A very high proportion of COPD patients (92%) within our sample were found to have quadriceps muscle weakness. Quadriceps muscle weakness was also present in a significantly high proportion among patients with mild disease and in the younger age groups, indicating that the onset of muscle weakness in COPD patients may precede the onset of symptoms, resulting in these patients adopting a sedentary lifestyle early in the disease. Quadriceps weakness becomes all the more important in our culture, wherein most people use “Indian”-style toilets and have a preference for sitting down on the floor.
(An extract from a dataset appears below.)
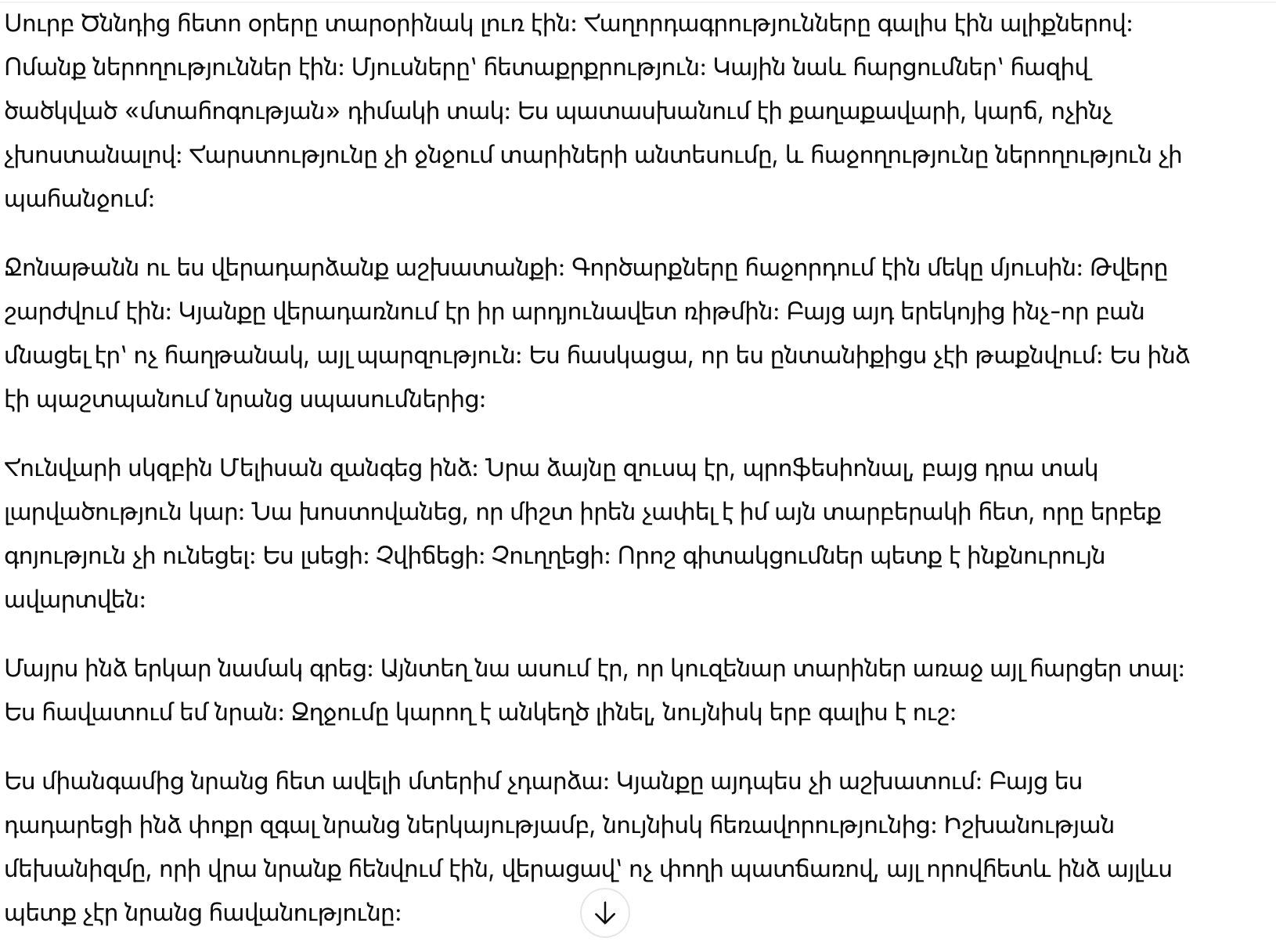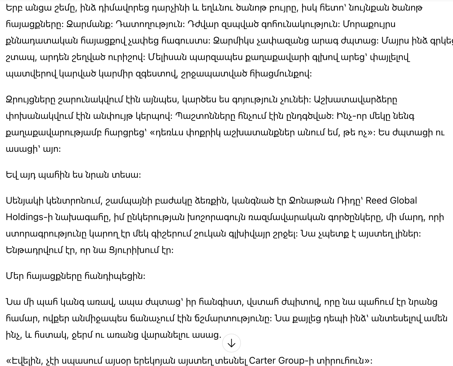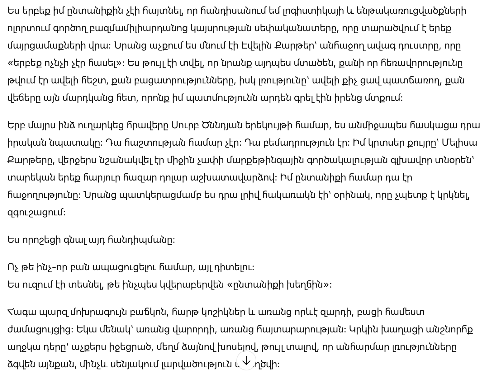 Надела простой серый пиджак, плоские туфли и никаких украшений, кроме скромных часов. Я пришла одна, без водителя, без объявления. Я снова сыграла роль неуклюжей девушки: опустив глаза, тихим голосом, позволяя неловким паузам затягиваться до того момента, чтобы создать дискомфорт.

Therefore, quadriceps muscle weakness affects the ability to perform activities of daily living, so has an adverse effect on quality of life as well as mental health. This could pose a major public health challenge. We also observed that as the grade of COPD worsened, there was a reduction in mean quadriceps muscle force, ie, quadriceps muscle weakness was more profound as the severity of disease increased. Further research in different population groups is needed to determine how widely our present observations can be generalized.